1966 regte der Vorstand des Schülerrudervereins die Gründung eines Ehemaligen-Vereins nach dem Vorbild anderer Rudervereine an. Bekanntlich wurde die hier angeregte Vereinsgründung noch nicht realisiert. Statt dessen initiierte Ernst Beiße jährliche Treffen der Ehemaligen, die sich jeweils am 2. Weihnachtsfeiertag trafen, um in gemütlicher Runde in Erinnerungen zu schwelgen, zu erfahren, wo die einzelnen, zum Teil auswärtig Tätigen, abgeblieben sind, welche berufliche Entwicklung sie genommen haben usw. Erst 1984 kam es in dem Kreis um Matthias Holm zur Gründung des Altherrenrudervereins der Bismarckschule. Mitglieder dort wurden vorrangig diejenigen, die 1984 und danach die Abiturprüfung abgelegt und die Schule verlassen hatten. Leider ist es nicht gelungen, eine größere Zahl derjenigen Absolventen an den Verein zu binden, die vor 1984 abgegangen sind. 40 Jahre nach Gründung des Schülerrudervereins haben sich der Altherrenverein und der Schülerruderverein 1992 zum RV Bismarckschule Hannover zusammen geschlossen, die Eintragung ins Vereinsregister und die Aufnahme in den Landessportbund betrieben und somit die Weichen hin zu einem modernen Sportverein gestellt. Durch gemeinsame Aktivitäten wie Wanderung, Sommerfest, Ruderball und natürlich auch Wanderfahrten wachsen allmählich Schüler und Ehemalige zusammen.
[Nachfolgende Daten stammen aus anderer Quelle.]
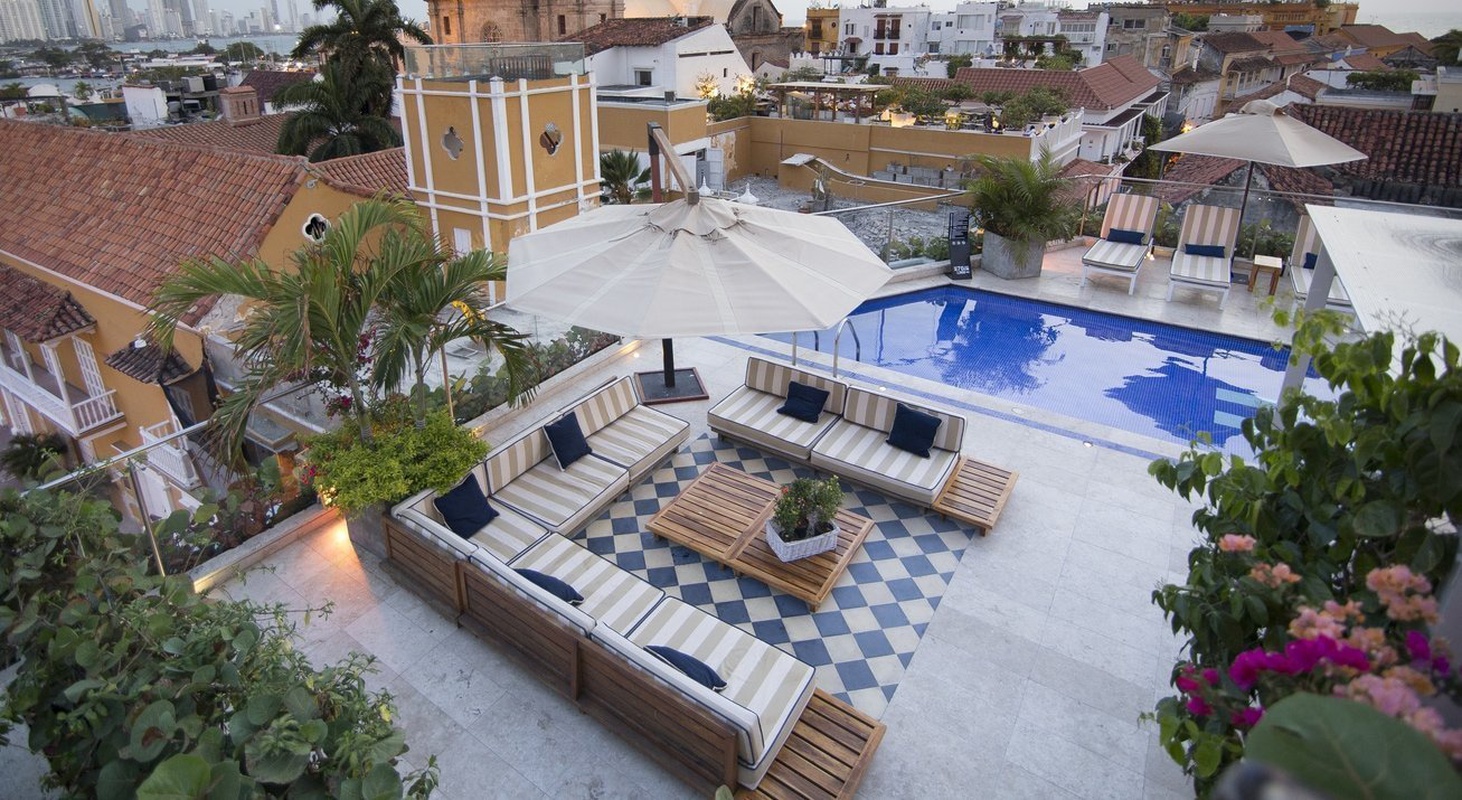 El lugar cuenta con una atractiva terraza con piscina, tumbonas, sillones y servicio de bar con vista panorámica de la ciudad de Cartagena. Esta sería una de las más exclusivas de la ciudad amurallada, tanto, que fue nominada por la publicación especializada Condé Nast Traveler como la azotea con la vista más privilegiada sobre Cartagena. Se encuentra ubicada en la Plaza de la Aduana en un edificio republicano.

Die Entwicklung gerade der letzten 10 Jahre gibt zu Optimismus bezüglich der weiteren Entwicklung des RVB Anlass. Insbesondere sind an dieser Stelle natürlich die Ehemaligen zu erwähnen, die als Trainer und Betreuer oder aber als Organisatoren von Wanderfahrten ihre Erfahrung weiter geben und eine kontinuierliche Arbeit mit den Schülerinnen und Schülern garantieren. Im Verein sind nicht nur Ehemalige oder Aktive Schülerinnen und Schüler der Bismarckschule, sondern auch Männer und Frauen, die auf recht unterschiedlichen Wegen, sei es als Eltern, als Freunde bzw. Partner, als Lehrer der Bismarckschule oder sonst wie zu uns gefunden haben. Auch sie sind integrativer Bestandteil des Vereins und tragen maßgeblich zum Erfolg des Vereins bei.

100 Jahre Bismarckschule bedeuten mindestens 55 Jahre organisierten Ruderbetriebes im Schülerruderverein der Bismarckschule, der weiterhin bemüht sein wird, unverzichtbarer Bestandteil des schulischen Lebens an der Schule zu sein.